Nifedipine was successful in prevention of labour for 48 hours (primary tocolytic effects) in 85% of patients and MgSO4 in 80% patients. Nifedipine was efficient in delaying delivery up to 7 days (secondary tocolytic effects) in 80% of patients and MgSO4 was efficient in 67.5% of patients. Although from the above, nifedipine appears to be a better tocolytic when compared to MgSO4, statistically, it is not significant (p value is 0.854). Nikbakht et al14 2014 conducted a similar study and both drugs were equally effective in prevention of labour and delaying delivery >7 days, 56% vs. 64% in the nifedipine and magnesium sulphate groups, and the days gain in utero was no statistically different in two groups.
The mean APGAR score at 5 minute in Nifedipine group is 6.75 with majority (62.5%) have APGAR score >7. In MgSo4 group mean APGAR score is 5.13 with majority (70%) have APGAR score <7. The p-value of 0.003 indicates a statistically significant difference in APGAR scores between the two groups, with Nifedipine group showing better outcomes. Khooshideh et al15 2017, also observed that there were no statistically significant differences in one-minute and fiveminute Apgar scores in neonates.
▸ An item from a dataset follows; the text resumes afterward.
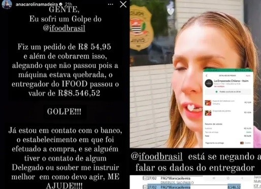“Eu sofri um golpe. Fiz um pedido de R$ 54,95 e além de cobrarem isso, alegando que não passou, pois a máquina estava quebrada, o entregador do iFood passou o valor de R$ 8.546,52”, explicou.
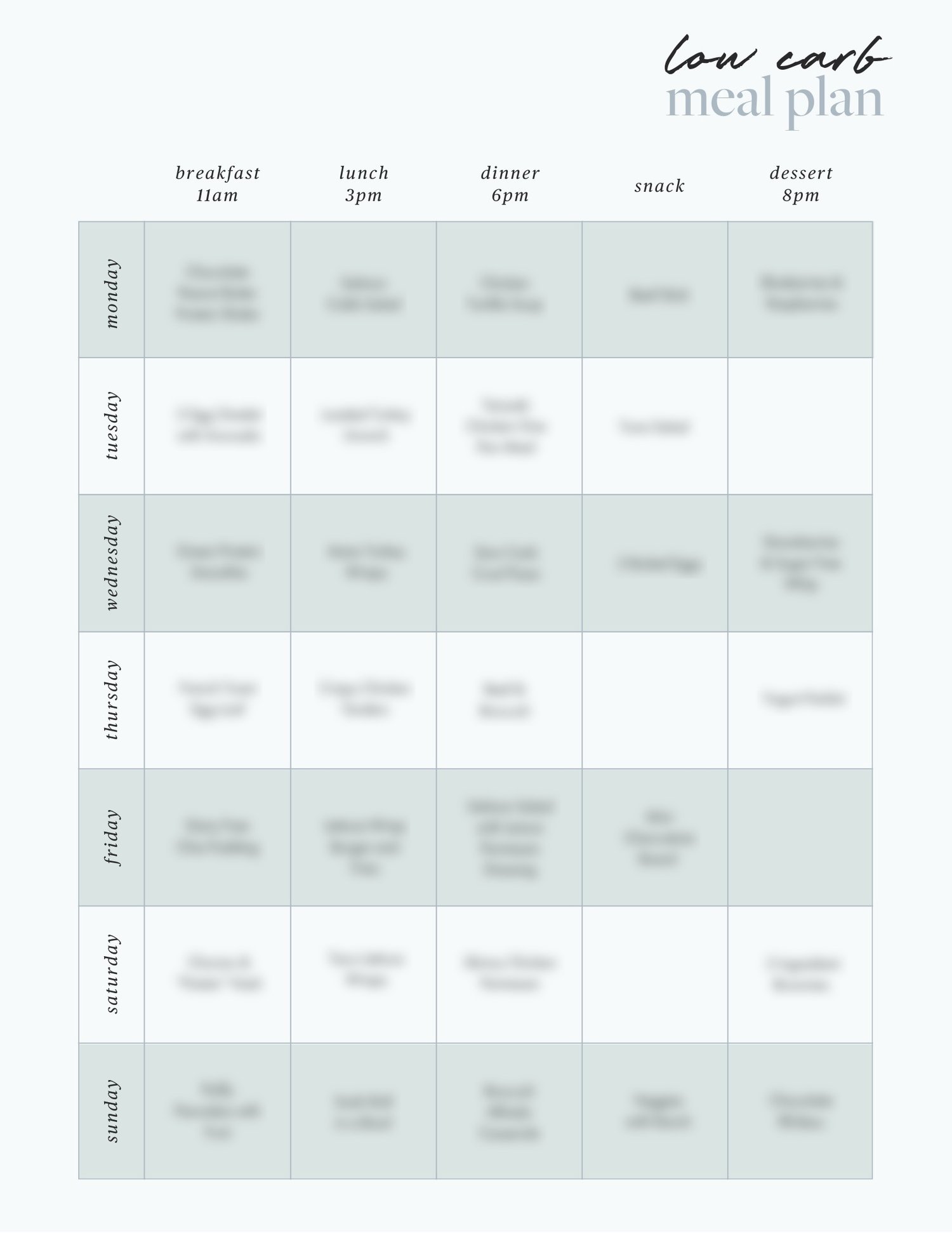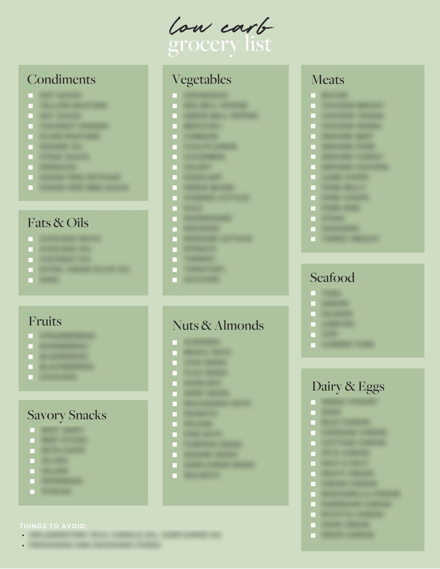 - A comprehensive low carb grocery list that you can have on hand and bring shopping with you

Statistically significant difference in neonatal death rates between the two groups (p-value 0.3048) with 7.5% death in MgSo4 group and only 2.5% death in Nifedipine group.
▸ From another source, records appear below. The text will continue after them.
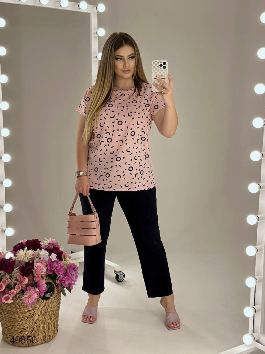 Костюм женский больших размеров. Брюки на резинке. Ткань: ретро стрейч
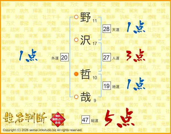野(11画)沢(17画) 哲(10画)哉(9画)
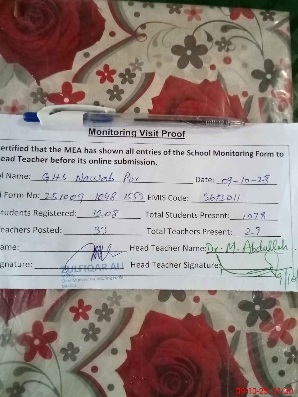 | EMIS Code: 36130011 | Name of School: GHS NAWAB PUR MULTAN | |||
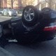Столкнулось 3 легковых автомобиля. У одного из автомобилей повреждена боковая часть, у другого - задний бампер. Неподалеку на обочине колесами вверх лежит третья легковая машина. Удар при перевороте пришелся на лобовое стекло.
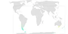 The range of this bird is quite large as it ranges from Antarctica to the subtropics of Chile, Africa, and Australia,[12][13] and has an occurrence range of 36,000,000 km2 (14,000,000 sq mi). It breeds on numerous islands throughout the southern oceans. The islands with larger populations include the Falkland Islands, South Georgia, South Orkney Islands, Staten Island, South Shetland, Heard Island, Macquarie Island, the Prince Edward Islands, and the Crozet Islands. The other locations with small populations are the Kerguelen Islands, Gough Island, Tristan da Cunha, Diego Ramirez, Isla Noir as well as four locations on the continent of Antarctica, including Terre Adélie, and small islands off the coast of Argentina near Chubut Province.[11] The colonies are visited year round.[12]
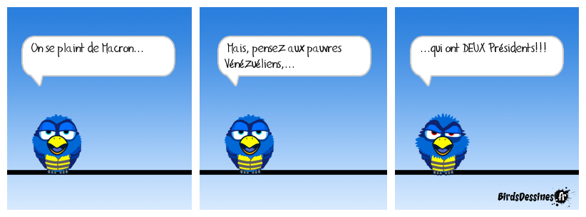 Case 1:Bird 1: On se plaint de Macron... | Case 2: Bird 1: Mais, pensez aux pauvres Vénézuéliens,... | Case 3: Bird 1: ...qui ont DEUX Présidents!!!

In conclusion, our data in this study showed that oral nifedipine is as effective as magnesium sulphate with regard to inhibition of preterm labour. Although, nifedipine is better than MgSO4 when their primary tocolytics effects (who has not delivered till 48 hours) and secondary tocolytic effects (who has not delivered till 7 days) are compared but it is not statistically significant. Although neonates who were exposed to MgSO4 in utero had more NICU admission when compared to nifedipine group which is significant, we have not found any significant difference in the incidence of respiratory distress syndrome. We conclude that as nifedipine with its easy availability, least side effects profile, low cost, ease of administration and with less intensive monitoring, can be considered as better option for management of preterm labour. No matter which tocolytic agent the clinician chooses, the evidence supports the use of short-term tocolytic drugs to prolong pregnancy for at least 48 hours to allow for administration of antenatal steroids and to allow for transport of the mother to a tertiary care facility. As this study comprised a small sample, large randomised studies are required to prove the efficacy of the tocolytics.